Simplemente lo fulminó con la mirada, con el desafío grabado en su rostro.
Sin embargo, a pesar de su valiente frente, Milo podía ver el miedo arremolinándose en sus ojos color avellana.
—¿Qué estás esperando?
—espetó Nadia, impacientándose—.
¿Preferirías ser el que sea ahorcado en la Sede?
—Solo déjame hacerlo.
Lo haré rápido.
Un tiro en la cabeza —intervino Austin, ansioso por derramar sangre.
Respirando profundamente, Milo tomó una decisión repentina y dejó caer el cuchillo.
Los ojos de Nadia se estrecharon mientras preguntaba:
—¿Qué crees que estás haciendo?
—Supongo que todo termina ahora mismo —suspiró Milo, con resignación pesada en su voz.

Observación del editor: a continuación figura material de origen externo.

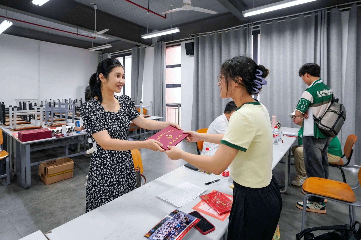 就业指导教师为毕业生颁发毕业证书

Antes de que Nadia pudiera cuestionarlo más, entró en acción con velocidad relámpago, cortando las gargantas de los dos cazadores y sujetando a Lana.
Milo rápidamente lanzó a los otros dos cazadores lejos de Lana mientras se paraba protectoramente frente a ella.
Sus uñas se extendieron en garras, y sus colmillos estaban al descubierto.
—¡Lo sabía!
¡Sabía que eras un maldito monstruo!
—exclamó Nadia, su rostro contorsionándose de rabia.
Milo le sonrió con suficiencia, incapaz de resistir una puya.
—Aun así dormiste conmigo, ¿no?
¿No te convertiría eso en una peluda?
En ciega furia, Nadia arrebató la pistola de Austin y comenzó a disparar a Milo.
Él esquivó las balas con ágil gracia, rápidamente agarrando a Lana y huyendo por una ventana.
Nadia corrió hacia la ventana y continuó disparando, su ira hirviendo.
Los asistentes al festival en la calle gritaron en pánico.
—¡Detente!
—gritó Austin, entrando en pánico—.
¡Si no paras, tendremos a toda la ciudad encima de nosotros!
Finalmente, Nadia dejó de disparar, su pecho agitándose mientras trataba de recuperar el aliento.
Con un gruñido, dijo:
—¡Los quiero encontrados inmediatamente!